# [COLLECTED DATA]

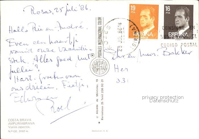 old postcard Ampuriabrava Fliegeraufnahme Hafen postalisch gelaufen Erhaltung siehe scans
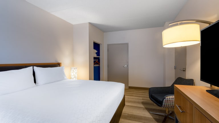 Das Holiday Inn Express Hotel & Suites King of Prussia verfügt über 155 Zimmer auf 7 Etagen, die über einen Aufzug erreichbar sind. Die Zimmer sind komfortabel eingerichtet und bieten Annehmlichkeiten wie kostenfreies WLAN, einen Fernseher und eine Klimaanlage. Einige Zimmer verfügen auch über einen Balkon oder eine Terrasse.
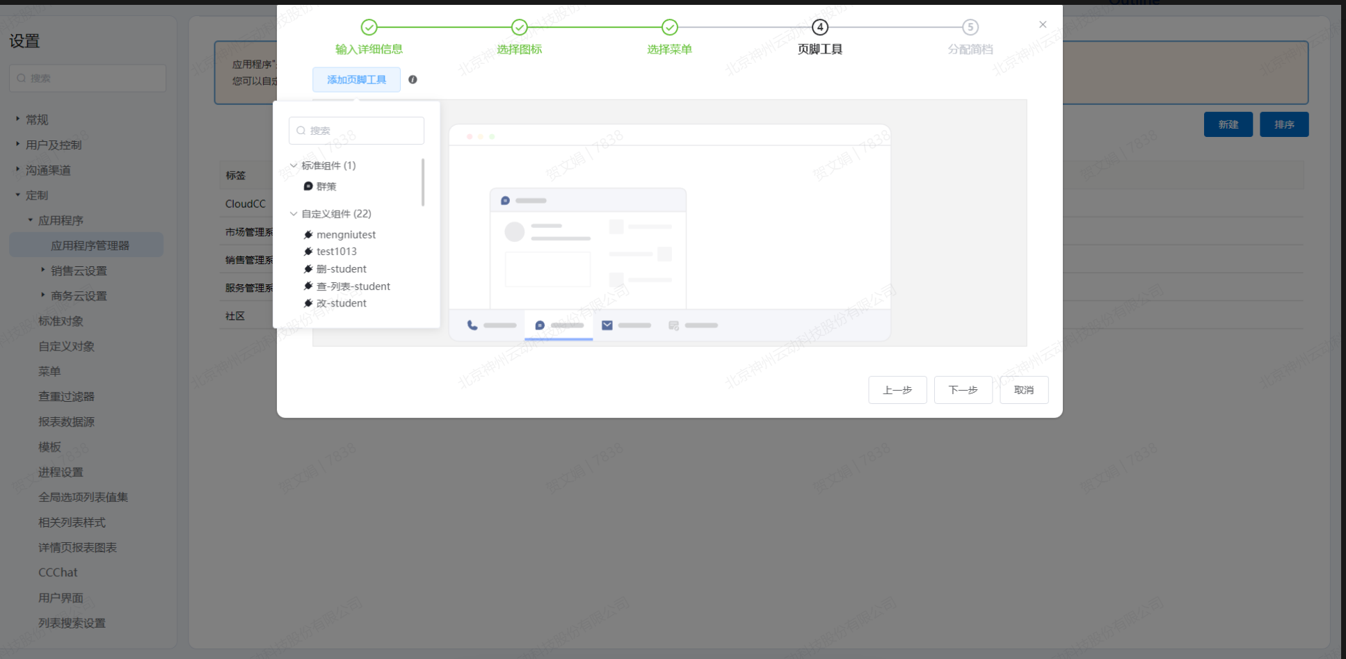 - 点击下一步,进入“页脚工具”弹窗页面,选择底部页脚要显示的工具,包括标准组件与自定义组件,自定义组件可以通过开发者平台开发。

# [PROBLEM TO WORK ON]
Reproduce the material exactly; keep pictures out.

# [TASK RESULT]
 old postcard Ampuriabrava Fliegeraufnahme Hafen postalisch gelaufen Erhaltung siehe scans
 Das Holiday Inn Express Hotel & Suites King of Prussia verfügt über 155 Zimmer auf 7 Etagen, die über einen Aufzug erreichbar sind. Die Zimmer sind komfortabel eingerichtet und bieten Annehmlichkeiten wie kostenfreies WLAN, einen Fernseher und eine Klimaanlage. Einige Zimmer verfügen auch über einen Balkon oder eine Terrasse.
 - 点击下一步,进入“页脚工具”弹窗页面,选择底部页脚要显示的工具,包括标准组件与自定义组件,自定义组件可以通过开发者平台开发。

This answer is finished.